El renormalization de la expresión medidas descritas en el debate se realiza como en [15], utilizando la intensidad reiteró pairwise basada en la normalización a través de suavizado de curvas de loess ha descrito en [10]. El renormalization se realizó en la sonda de nivel fijado en la expresión de medidas calculadas y normalizado como se describe más arriba; correspondientemente, renormalizado RMA y MBE valores se han normalizado tanto en la sonda de nivel (inicialmente) y la sonda de nivel conjunto (segunda vuelta), mientras que MAS5 Se ha normalizado el doble de la sonda de nivel establecido.

Todos los cálculos se realizaron utilizando el software de código abierto paquete estadístico R [19] y el paquete de affy el proyecto Bioconductor [20].

Para cada conjunto de datos, seleccionados al azar, 5000 pares de sonda fija de la colección de conjuntos de sonda disponible sobre los diferentes tipos de chips.
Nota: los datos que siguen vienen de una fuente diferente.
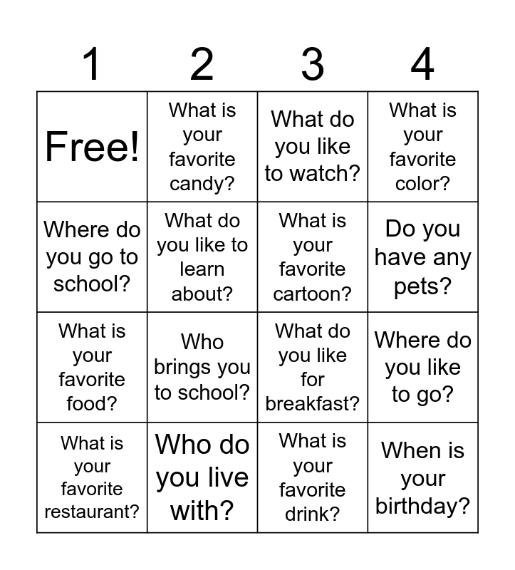 This bingo card has 16 words: What is your favorite restaurant?, Who do you live with?, What do you like to watch?, What is your favorite color?, Where do you go to school?, What is your favorite candy?, What do you like for breakfast?, Where do you like to go?, Free!, What do you like to learn about?, What is your favorite drink?, Do you have any pets?, What is your favorite food?, Who brings you to school?, What is your favorite cartoon? and When is your birthday?.

Para cada par, que calculó el coeficiente de correlación de Pearson entre los dos conjuntos de la sonda a través de todas las fichas en la base de datos subyacente, lo que resulta en una muestra aleatoria de 5000 los coeficientes de correlación. Al mismo tiempo, se calculó para cada par de conjuntos de la sonda producto de las dos desviaciones estándar en todas las fichas en el conjunto de datos, los gráficos de dispersión en la parte inferior de la figura 1 muestra el resultado de 5000 pares (producto de la desviación estándar, Correlación).
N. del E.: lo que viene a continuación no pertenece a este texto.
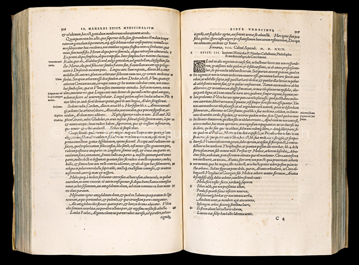 BM, Germann Books 590. – Durling 2915. – Waller 6208. – Hirsch-H. IV, 50. – HOH 155 (für Ausgabe Basel 1535). – Dritte Basler Ausgabe der Epistola. Wunderschöner, grosszügiger Kursivdruck. Giovanni Manardi (1462–1536) studierte in Ferrara, wo er als Professor Nachfolger von Leoniceno wurde. Einer der gelehrtesten Ärzte seiner Zeit, der sich aber auch einen Namen machte als Krititker der Astrologie. Die erste Ausabe des Werkes erschien bereits 1521, das Buch wurde jedoch für die Basler Ausgaben von 6 auf 18 und in der vorliegenden Fassung auf 20 Bücher erweitert. «The letters illustrate in an intresting way the transition form Arabian to Greek dominion. The opinions of Avicenna, Hippocrates and Galen are quoted on every page» (Osler). Beschreibt unter anderm die Syphilis von der er überzeugt ist, dass sie von spanischen Matrosen aus Amerika «Ex insula quadam antiqua incognito» eingeschleppt wurden. – Exlibris des Fürsten von Liechtenstein auf dem Innendeckel. Mit vereinzelten kleinen Stockflecken. – Sehr schönes Exemplar. (Sprache: Lateinisch / Latin)

El resumen de curvas se muestra en la parte superior (como en la Figura 1] o en su lugar (todos los demás cifras) de la letra de dispersión describen el comportamiento promedio de la dispersión de nubes. Fueron producidos por tomar el rango de valores para el producto de las desviaciones estándar de la muestra y la división en intervalos que contienen un número igual de observaciones, por lo general, alrededor de 500. Para cada intervalo, la media de las correlaciones se representan gráficamente en función de la media del producto de las desviaciones estándar. Los intervalos de confianza del 95% de los medios de la figura 2 se muestra en adelante se computaron sobre la base de la aproximación normal.
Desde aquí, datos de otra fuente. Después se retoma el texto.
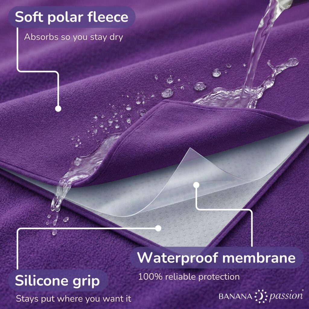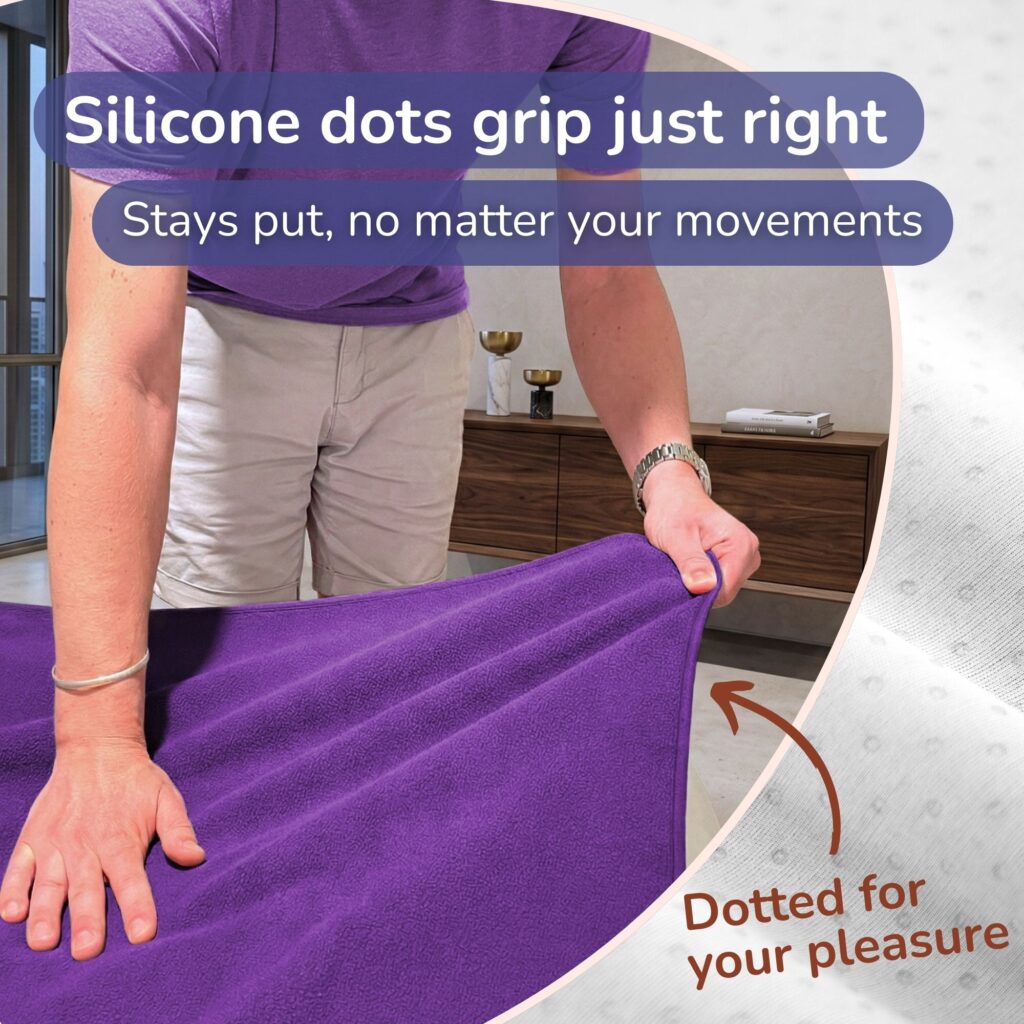 This GripMe waterproof blanket solves our customers’ three biggest frustrations: sliding, puddling and long drying times.

Asumimos como unidad experimental un microarray con el chip asociado muestras biológicas de la población en estudio. Cada chip de los rendimientos y observaciones _i para i = 1 ... n genes especificado por la serie de diseño. Podemos escribir esto como una variable aleatoria

Y _i = ψ θ + _i + ε _i (1)

Donde θ es una matriz aleatoria efecto, ψ _i es un efecto aleatorio de genes, y ε _i es la de genes específicos de error de medición. Tenga en cuenta que este gen efectos aleatorios asume sólo en la medida en que nos muestra de la población, y no especifica ningún tipo de tratamiento experimental o estructura.

Suponemos que los componentes aleatorios son independientes, y que la expectativa de tener cero errores. La covarianza entre la expresión observable valores para dos genes entonces simplifica a

Es decir, la covarianza entre la unobservable 'real' de genes expresiones más la diferencia de la matriz. Vamos a designar a la diferencia de cualquier Y como _i . Ahora, la correlación observable entre la expresión de dos genes valores puede escribirse como

El primer término es la contribución de la matriz a efectos de la correlación, que es la fuente de la correlación artefacto. El segundo plazo varía según todos los posibles pares de genes, y esperamos que tenga media cero. Así obtenemos la relación inversa

Podemos investigar esta empíricamente. Dado un conjunto de microarrays, podemos tomar una muestra aleatoria de los pares de genes (i, j), y luego calcula su correlación r _ij y las desviaciones estándar y s _i s _j. En virtud de nuestra hipótesis de la correlación media de cero y en el supuesto de que nuestro modelo simple posee, el patrón subyacente en la trama de la (s _i s _j, r _ij) debería seguir esta relación inversa.